Про себя я знал, что никогда по такой стезе не пойду – иначе разум заточен. Что являлось большим разочарованием для моего отца, который был математиком и тоже певцом прогресса. Но бурные фантазии хороших писателей уважаю и ценю.
– Как вам здесь? – спросил Ветвитский. – Уже прижились?
– Вживаюсь, – произнес я. – Ничего так. Но стреляют.
– Да. Слышал, – погрустнел Ветвитский. – Банды шалят.
– Шалят. Да и сам город специфический. Проблемный и для милиции, и для нас. Провинциальная сонливость сочетается здесь с бузотерством.
– Интересный взгляд, – улыбнулся Ветвитский.
– Ну а что. Просторы большие и глухие. Крестьянство дремучее, много кулаков и подкулачников. Пролетариат тоже непростой. В прошлом году на шахтах стачка была с битием стекол и лиц представителей администрации.
– Да, шахтеры народ сложный. И взрывоопасный, – согласился Ветвитский.
– И всегда считающий себя чем-то обделенным, – усмехнулся я. Мне прекрасно было известно, что большинство стачек и забастовок в стране приходится именно на шахтеров.

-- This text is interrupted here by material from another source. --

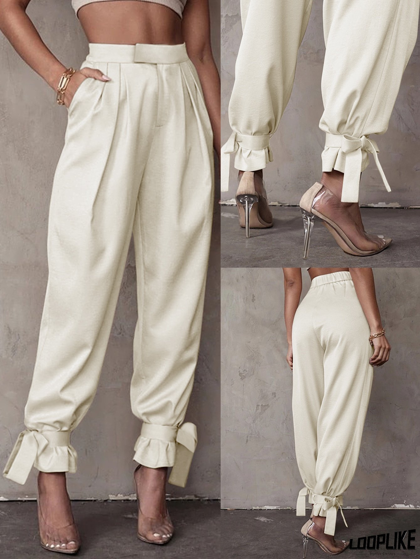 Women'S Casual Loose-Fit Jogger Pants with Tie Waist & Bow Detail - Solid Color Black, Elastic Cuffs & Pockets, All-Season Comfort for Relaxing Wear, Jogging Pants, Relaxed Fit Trousers, Comfortable Footwear

– Но вы поймите, – вкрадчиво произнес инженер. – Шахтер каждый день спускается в адские лабиринты шахт. И знает, что жизнь его там висит на тонком волоске. Вот ты полон сил и ожиданий, весь мир тебе мил. И вдруг – обвал, взрыв метана. И защиты от этого нет – как повезет. Постоянный риск притупляет страх, чувство самосохранения. Отсюда и загулы, и драки. И какое-то внутреннее противостояние всему миру, особенно начальству. «А ты с нами в забой ходил?» – только и слышим. Вот такой народ. Действительно взрывоопасный. Но его надо понимать и любить.
– Только нашим врагам очень легко получается играть на их чувствах.
– Именно. Шахтер же еще и наивен. И яростно воспринимает любую несправедливость, пренебрежение. И, к сожалению, покупается на всякие призывы. Шахтерская солидарность – это сила.
– И нельзя давать ее в руки врагу, – дополнил я. – Но это дело не только ОГПУ, а каждого принципиального гражданина. Особенно руководящих кадров.
Вот так мягко перевел я наш праздный разговор в предварительную вербовочную беседу.
– Тут я полностью с вами согласен, – кивнул Ветвитский.
– Сигизмунд Яковлевич, вижу, что вы человек неравнодушный, – продолжал я наступать мягко и вкрадчиво. – И мысли, и цели у нас одни. Могу я надеяться на вашу помощь?
– Всегда. Конечно, если это не будет противоречить моим понятиям о чести и совести.
– Это совершенно очевидно.
– Давайте начистоту, Александр Сергеевич. Конечно, я никогда не стану вашим осведомителем. Но вы правы, у нас общность целей. И одни враги. Расхититель, антисоветчик, вредитель – он и мой враг.
– Надеюсь на это.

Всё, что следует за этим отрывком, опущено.